##### MATERIAL SUPPLIED
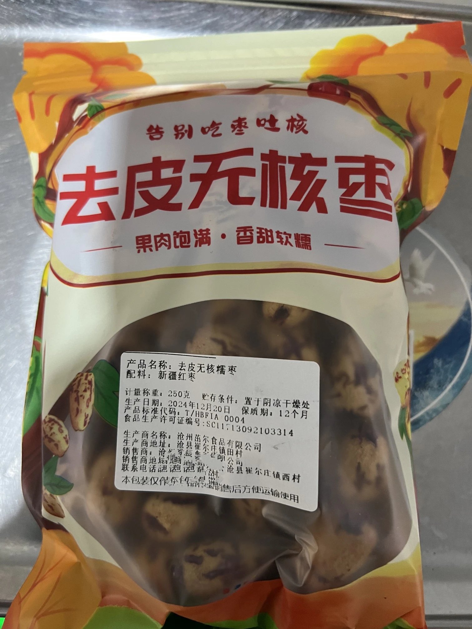 名称:去皮无核枣 原料产地 :新疆 发货地 :河北沧州 生产日期: 2025年1月5日(随批次更新) 保质期: 6个月 不发区域 :新疆西藏青海海南 北京上海➕2 快递 :圆通 售后:产品发出不支持无理由拒收拦截撤单,如出现异常情况,请带面单+产品拍照+产品包装照片与我们联系,我们会第一时间处理,如产品有质量问题可在收货24小时之内,联系客服进行售后或者补发
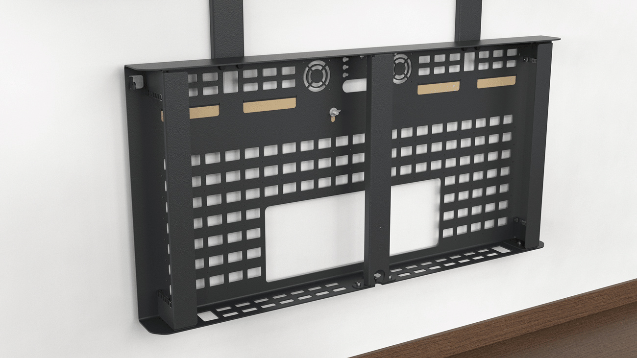 Heckler AV Credenza disperses heat passively. With its body spaced away from your wall, and its open-grid rear surface, cool room air enters through the bottom and exits out the back. If your builds benefit from additional warm air exhausting, you can mount a pair of your favorite 80mm fans.
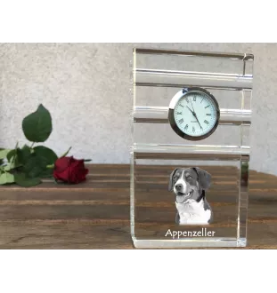 Bouvier Appenzellois, Bouvier de l'Appenzell - une horloge en verre avec une photo, une photo de chien dans un cristal, une horloge de bureau personnalisée de la marque Art-Dog
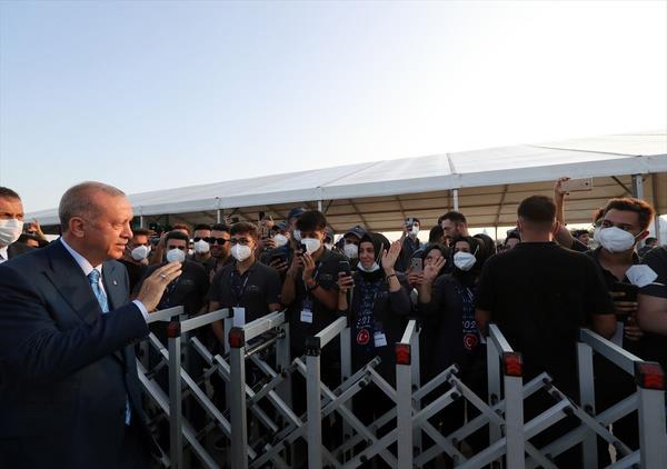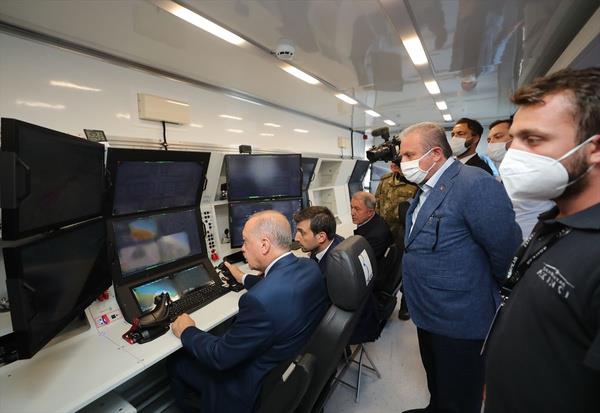 Erdoğan, Bayraktar AKINCI TİHA'nın taksi, kalkış ve alçak uçuşunu izledikten sonra hava araçlarının kontrol merkezine girerek incelemelerde bulundu.
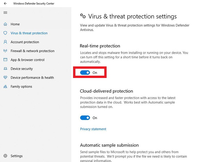 - Chuyển trạng thái tùy chọn Real-time protection sang OFF.
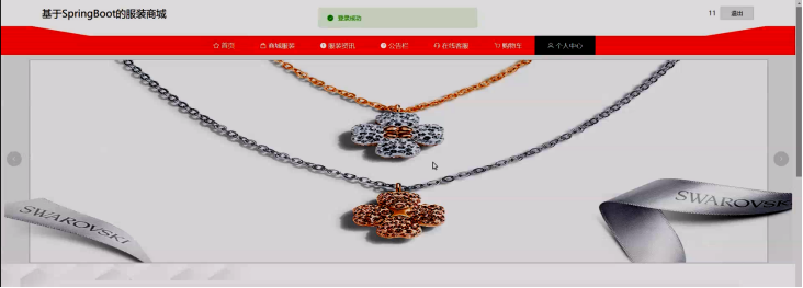 当用户打开系统的网址后,首先看到的就是首页界面。在这里,用户能够看到服装商城系统的导航条(首页、商城服装、服装资讯、公告栏、在线客服、购物车、个人中心)。系统首页界面如图5-2所示:
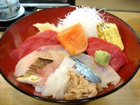 今日は、“江戸前”の美味しい魚介を求めて、横浜市金沢区の「柴漁港」までドライブ。 まずは、漁港の目の前にある、寿司店「かねへい」さんで、ブランチ。 「ランチ丼」のネタは、赤身・中トロ・鯛・スズキ・サーモン・ヤリイカ・秋刀魚・カワハギ肝合え・あぶり穴子。地物のネタはどれもプリプリ♪特に生の穴子を炙ったネタは、最高でした! さらに「茶碗蒸し」・「椀物」がついて1300円☆☆☆ |
##########
WORK ITEM:
Each record above must be retyped exactly as given, with the images excluded.

WRITTEN SOLUTION:
 名称:去皮无核枣 原料产地 :新疆 发货地 :河北沧州 生产日期: 2025年1月5日(随批次更新) 保质期: 6个月 不发区域 :新疆西藏青海海南 北京上海➕2 快递 :圆通 售后:产品发出不支持无理由拒收拦截撤单,如出现异常情况,请带面单+产品拍照+产品包装照片与我们联系,我们会第一时间处理,如产品有质量问题可在收货24小时之内,联系客服进行售后或者补发
 Heckler AV Credenza disperses heat passively. With its body spaced away from your wall, and its open-grid rear surface, cool room air enters through the bottom and exits out the back. If your builds benefit from additional warm air exhausting, you can mount a pair of your favorite 80mm fans.
 Bouvier Appenzellois, Bouvier de l'Appenzell - une horloge en verre avec une photo, une photo de chien dans un cristal, une horloge de bureau personnalisée de la marque Art-Dog
 Erdoğan, Bayraktar AKINCI TİHA'nın taksi, kalkış ve alçak uçuşunu izledikten sonra hava araçlarının kontrol merkezine girerek incelemelerde bulundu.
 - Chuyển trạng thái tùy chọn Real-time protection sang OFF.
 当用户打开系统的网址后,首先看到的就是首页界面。在这里,用户能够看到服装商城系统的导航条(首页、商城服装、服装资讯、公告栏、在线客服、购物车、个人中心)。系统首页界面如图5-2所示:
 今日は、“江戸前”の美味しい魚介を求めて、横浜市金沢区の「柴漁港」までドライブ。 まずは、漁港の目の前にある、寿司店「かねへい」さんで、ブランチ。 「ランチ丼」のネタは、赤身・中トロ・鯛・スズキ・サーモン・ヤリイカ・秋刀魚・カワハギ肝合え・あぶり穴子。地物のネタはどれもプリプリ♪特に生の穴子を炙ったネタは、最高でした! さらに「茶碗蒸し」・「椀物」がついて1300円☆☆☆ |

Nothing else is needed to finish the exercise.